**Exercise requirements**
Please write out all of the data below exactly, without including the pictures.

[Data items]
────────────────────

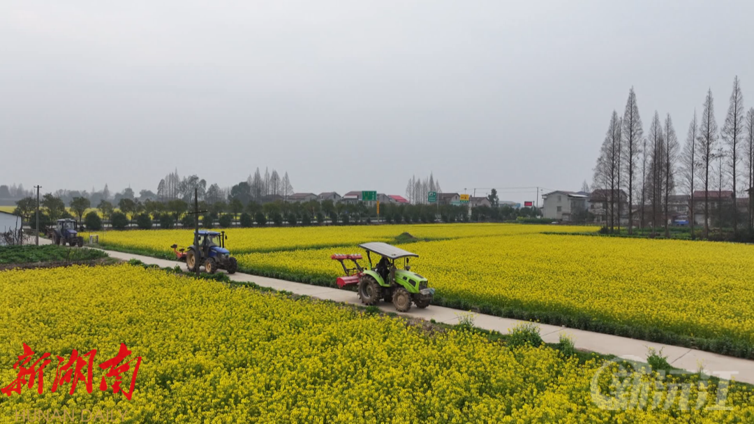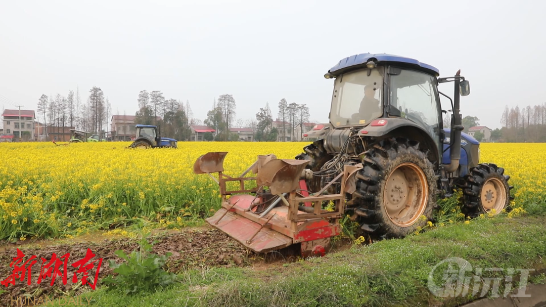 在草尾镇胜天村,去年完成高标准农田建设的灌渠中,春水汩汩注入金黄的田野,种粮大户周波和合作社的农户一起,开着四台旋耕机在农田里一字儿排开,在花海中开始了今年春耕的翻耕作业。
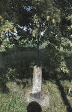nízkém kamenném podstavci. Kříž je zdobený u paty obdélnou deskou s motivem
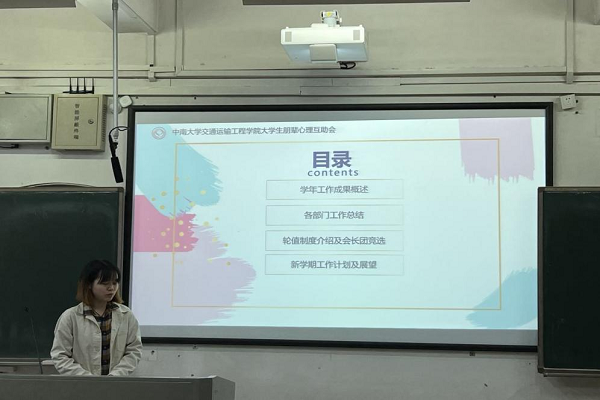 3月11日上午9点,交通院大学生朋辈心理互助会于A座103开展心助会新学期大会暨轮值部员竞选会,心助会全体成员参加。心助会副会长罗歆蕊主持会议。
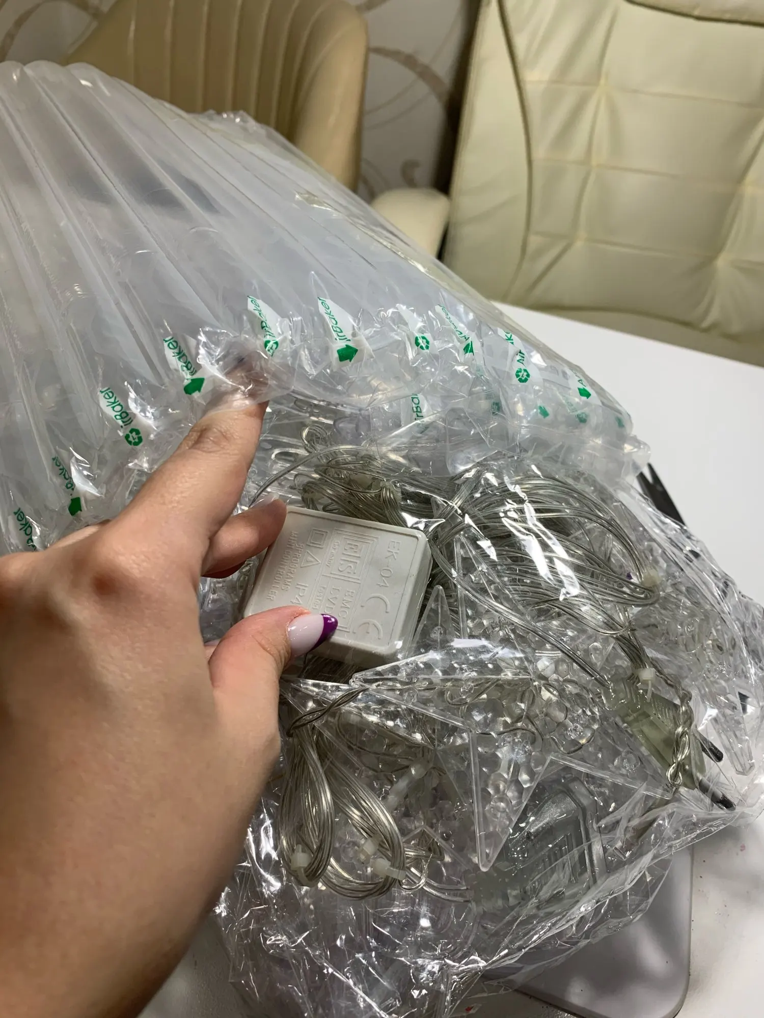гирлянда пришла быстро, хорошо упаковпно , все работает, можно соединить со второй гирляндой. есть небольшой запах.
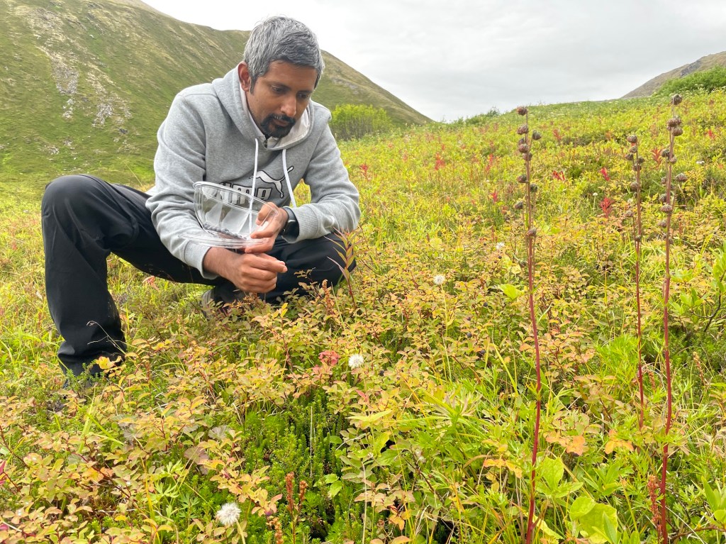Day 1 – Reed Lakes Hike + Hatcher Pass: We headed to Hatcher Pass for the Reed Lakes hike, which took us about six hours. Afterward, we drove to the highest point of the pass. This area is known for wild blueberries, and we saw a family foraging on one of the slopes. They kindly showed us how to spot and pick the berries, and we ended up with about a pint of blueberries for ourselves.
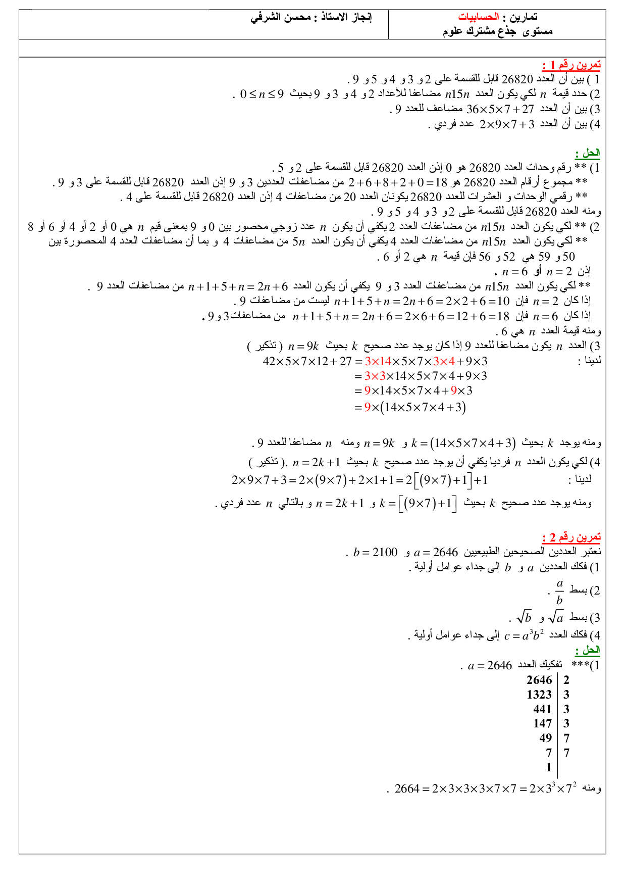 الترتيب في المجموعة IR - تمارين محلولة 2

────────────────────

**Answer for this exercise**
 在草尾镇胜天村,去年完成高标准农田建设的灌渠中,春水汩汩注入金黄的田野,种粮大户周波和合作社的农户一起,开着四台旋耕机在农田里一字儿排开,在花海中开始了今年春耕的翻耕作业。
nízkém kamenném podstavci. Kříž je zdobený u paty obdélnou deskou s motivem
 3月11日上午9点,交通院大学生朋辈心理互助会于A座103开展心助会新学期大会暨轮值部员竞选会,心助会全体成员参加。心助会副会长罗歆蕊主持会议。
гирлянда пришла быстро, хорошо упаковпно , все работает, можно соединить со второй гирляндой. есть небольшой запах.
Day 1 – Reed Lakes Hike + Hatcher Pass: We headed to Hatcher Pass for the Reed Lakes hike, which took us about six hours. Afterward, we drove to the highest point of the pass. This area is known for wild blueberries, and we saw a family foraging on one of the slopes. They kindly showed us how to spot and pick the berries, and we ended up with about a pint of blueberries for ourselves.
 الترتيب في المجموعة IR - تمارين محلولة 2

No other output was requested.